> [Required work]:
What is needed is an exact copy of the entries below, with every picture left out.

-- Source material follows --

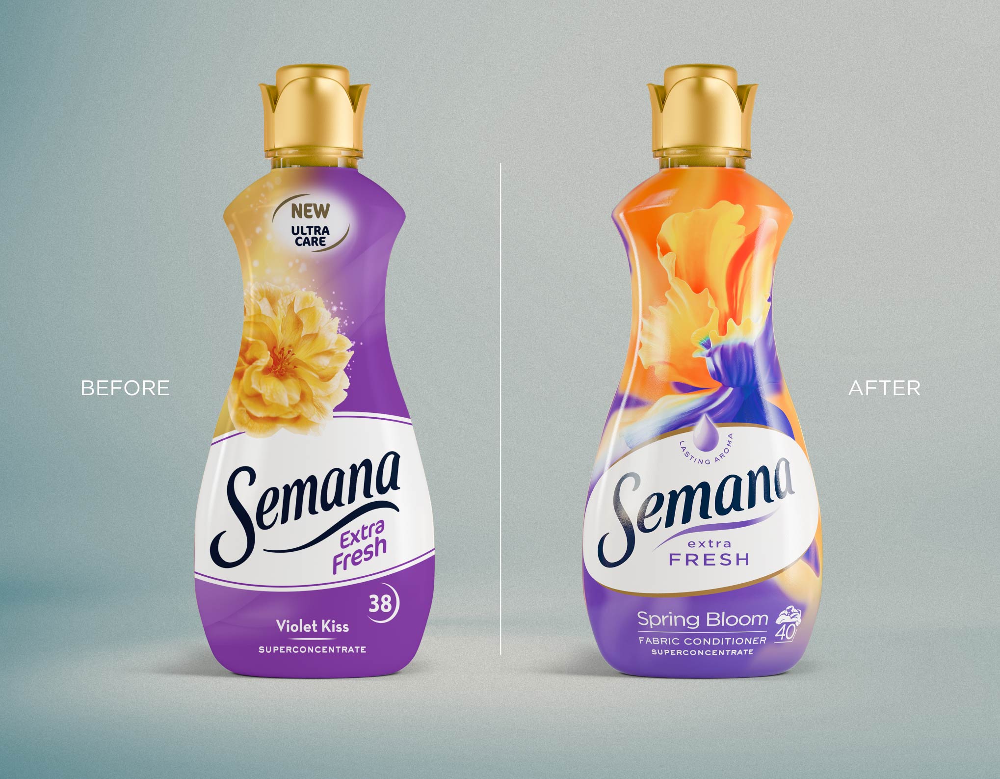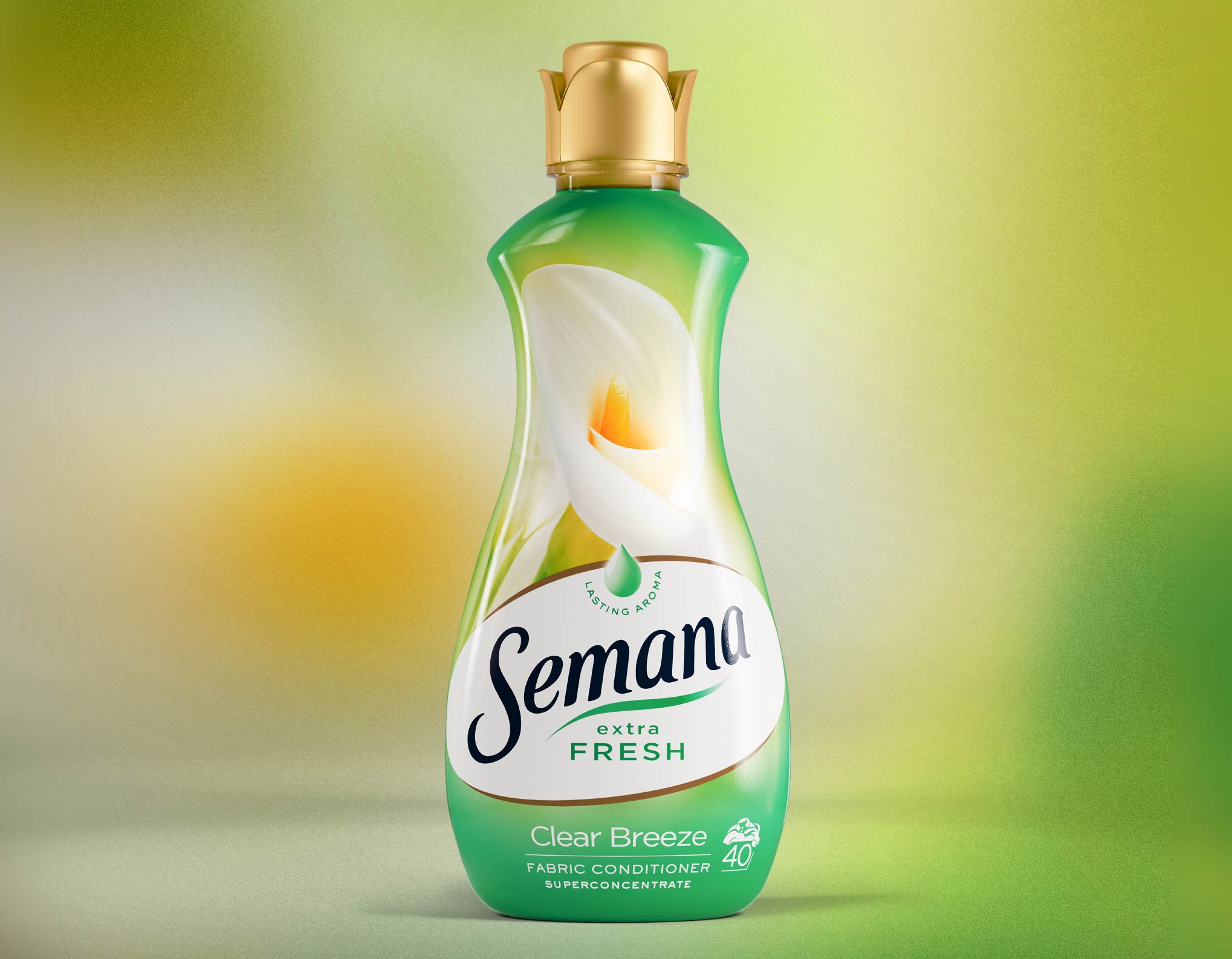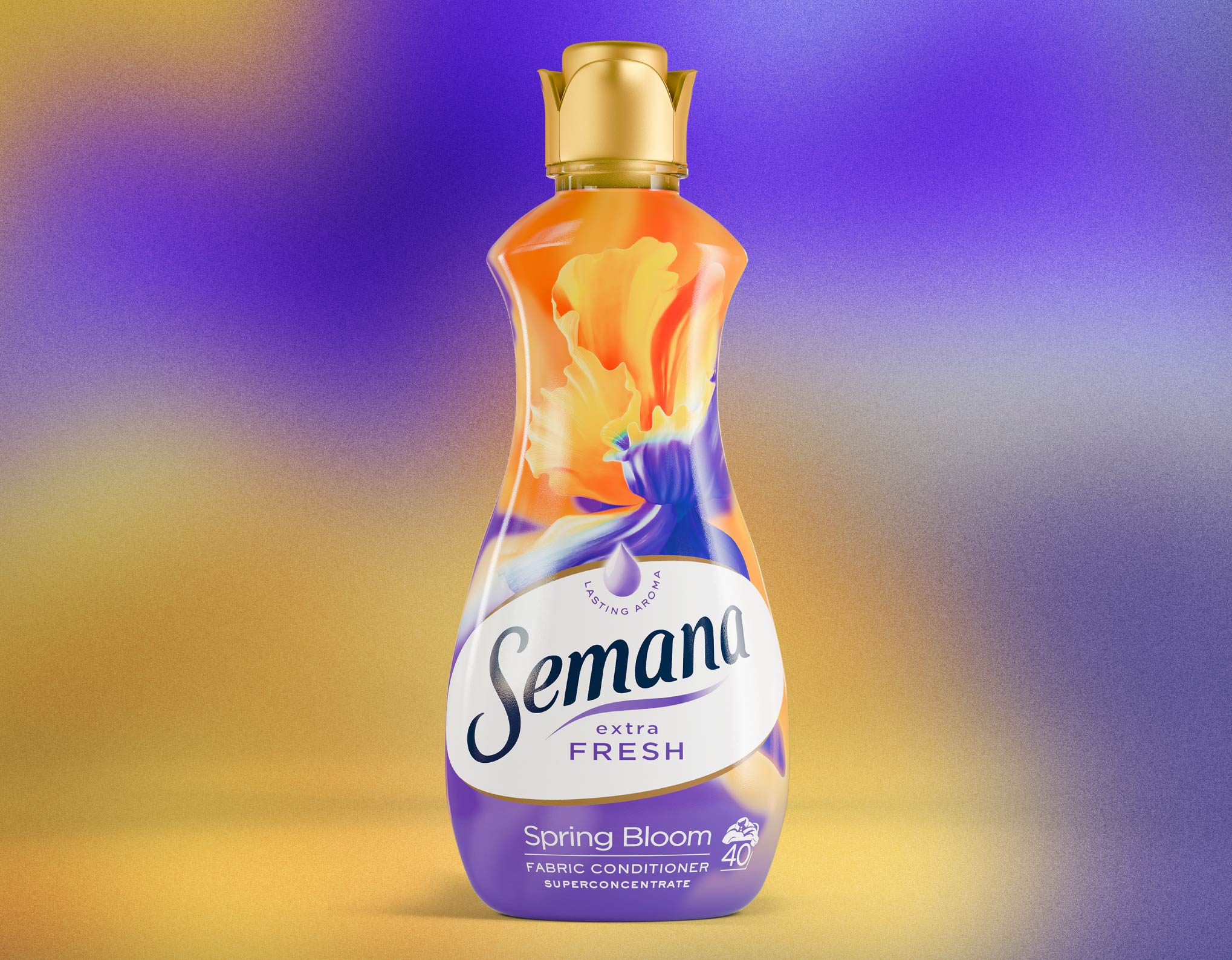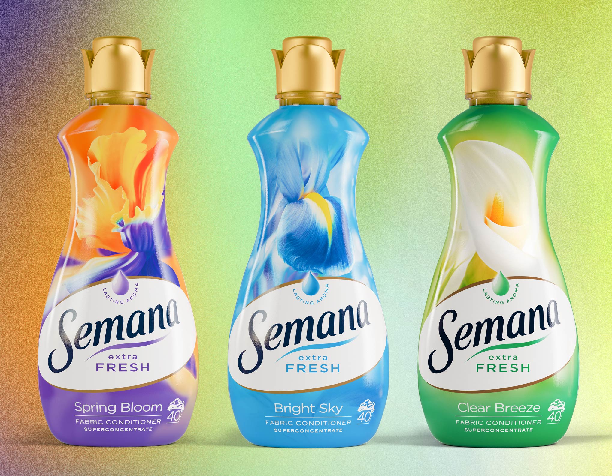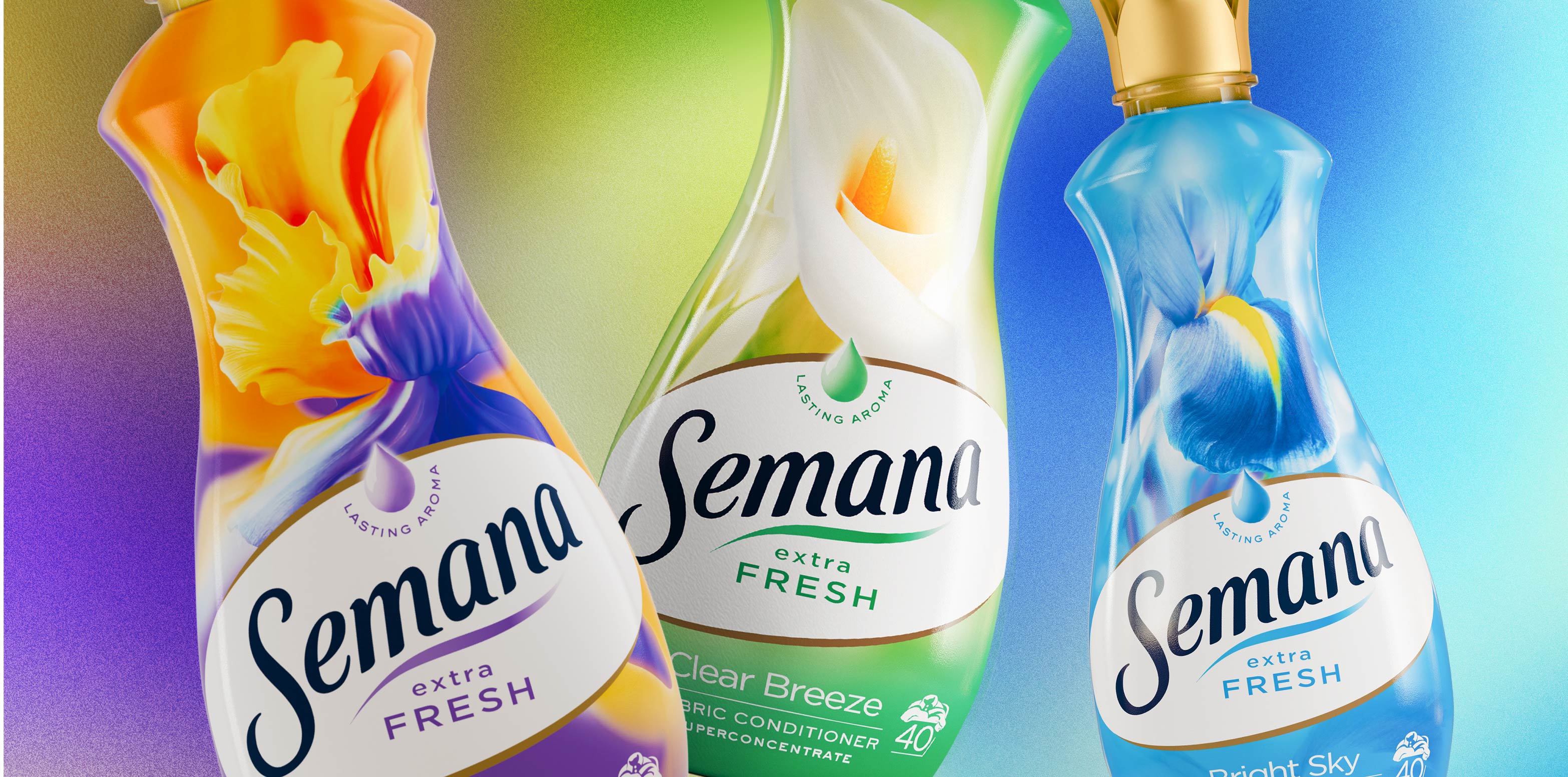 Il nuovo packaging di Semana mette senza dubbio in evidenza il suo nuovo USP: fragranze freschissime che durano più a lungo.
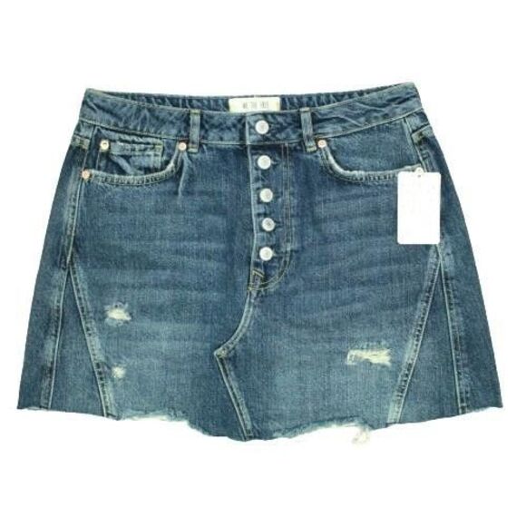 Free People We The Free Denim Mini Skirt Distressed Button Fly Women's Size 31 New with tags
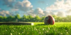 Cricket ball on the top of cricket bat on green grass of ground background - Ai Generated
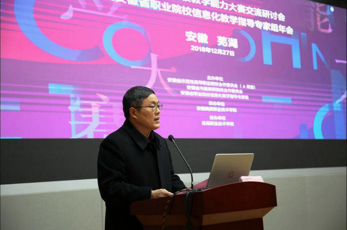 12月27日,我校承办、芜湖职业技术学院协办的2018年安徽省职业院校教学能力大赛交流研讨会暨安徽省职业院校信息化教学指导专家组年会在新百金陵酒店召开。本次会议由安徽省示范性高等职业院校合作委员会(A 联盟)、安徽省市属高职院校合作委员会、安徽省职业院校信息化教学指导专家组主办。
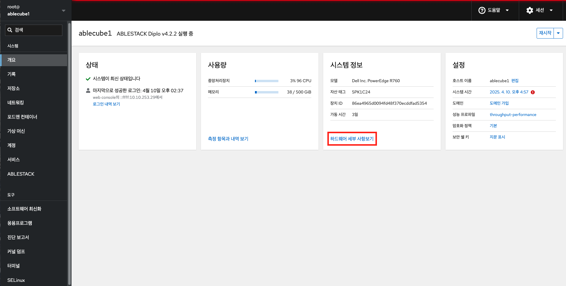 하드웨어 세부 사항보기¶
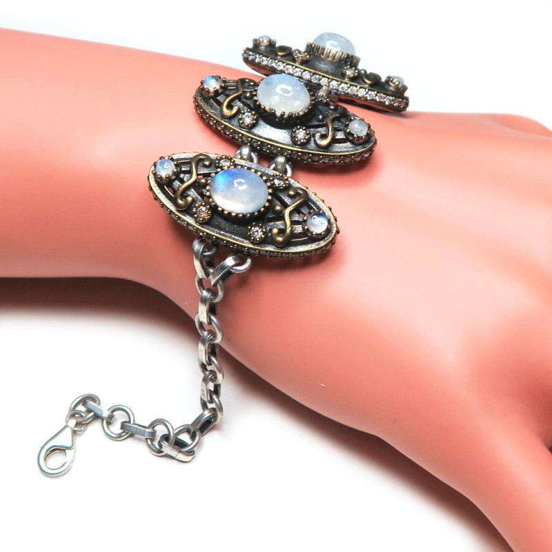 Браслет с лунным камнем. Камни без огранки. Длина браслета регулируется кольцами, максимальная длина браслета - 22 см. Размер звена браслета: 3.3*1.5 см. Металл - серебро с чернением и позолотой. Вес браслета - 25.5 гр. Производство - Индия. Приобрести в интернет-магазине.
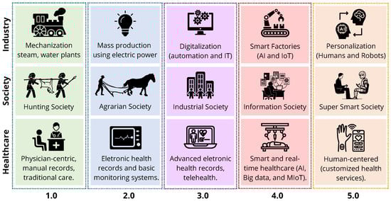 Healthcare 1.0 emerged during the Hunting Society, characterized by physician-centric care, manual records, and traditional face-to-face interactions. Society 2.0 is characterized by the transition to the Agrarian Society. Healthcare 2.0 introduced electronic health records and basic monitoring systems, reflecting the development of more organized and stationary communities. The Industrial Society is marked by the industrial revolution, while the rise of Healthcare 3.0 featured advances in electronic health systems and the emergence of telehealth, aligned with mass production and the widespread use of electric power. Society 4.0 brings the Information Society, while Healthcare 4.0 brought digitalization, smart monitoring, and the integration of AI and Internet of Medical Things (IoMT) into care systems, mirroring the rise in smart factories. Finally, Healthcare 5.0, embedded within the Super Smart Society (Society 5.0), represents a fully personalized, human-centered model where collaboration between intelligent systems and healthcare professionals enables real-time, ethical, and efficient patient care. This trajectory highlights how shifts in social priorities and industrial capabilities have continuously shaped the delivery of healthcare [,,], especially in the last few years, when the world has changed faster. It is important to emphasize that the adoption of these paradigms varies globally; for example, while some regions still operate under Healthcare 3.0 principles, others are already experimenting with 5.0 approaches.

-- Source material concluded --

> [Finished task]:
 Il nuovo packaging di Semana mette senza dubbio in evidenza il suo nuovo USP: fragranze freschissime che durano più a lungo.
 Free People We The Free Denim Mini Skirt Distressed Button Fly Women's Size 31 New with tags
 Cricket ball on the top of cricket bat on green grass of ground background - Ai Generated
 12月27日,我校承办、芜湖职业技术学院协办的2018年安徽省职业院校教学能力大赛交流研讨会暨安徽省职业院校信息化教学指导专家组年会在新百金陵酒店召开。本次会议由安徽省示范性高等职业院校合作委员会(A 联盟)、安徽省市属高职院校合作委员会、安徽省职业院校信息化教学指导专家组主办。
 하드웨어 세부 사항보기¶
 Браслет с лунным камнем. Камни без огранки. Длина браслета регулируется кольцами, максимальная длина браслета - 22 см. Размер звена браслета: 3.3*1.5 см. Металл - серебро с чернением и позолотой. Вес браслета - 25.5 гр. Производство - Индия. Приобрести в интернет-магазине.
 Healthcare 1.0 emerged during the Hunting Society, characterized by physician-centric care, manual records, and traditional face-to-face interactions. Society 2.0 is characterized by the transition to the Agrarian Society. Healthcare 2.0 introduced electronic health records and basic monitoring systems, reflecting the development of more organized and stationary communities. The Industrial Society is marked by the industrial revolution, while the rise of Healthcare 3.0 featured advances in electronic health systems and the emergence of telehealth, aligned with mass production and the widespread use of electric power. Society 4.0 brings the Information Society, while Healthcare 4.0 brought digitalization, smart monitoring, and the integration of AI and Internet of Medical Things (IoMT) into care systems, mirroring the rise in smart factories. Finally, Healthcare 5.0, embedded within the Super Smart Society (Society 5.0), represents a fully personalized, human-centered model where collaboration between intelligent systems and healthcare professionals enables real-time, ethical, and efficient patient care. This trajectory highlights how shifts in social priorities and industrial capabilities have continuously shaped the delivery of healthcare [,,], especially in the last few years, when the world has changed faster. It is important to emphasize that the adoption of these paradigms varies globally; for example, while some regions still operate under Healthcare 3.0 principles, others are already experimenting with 5.0 approaches.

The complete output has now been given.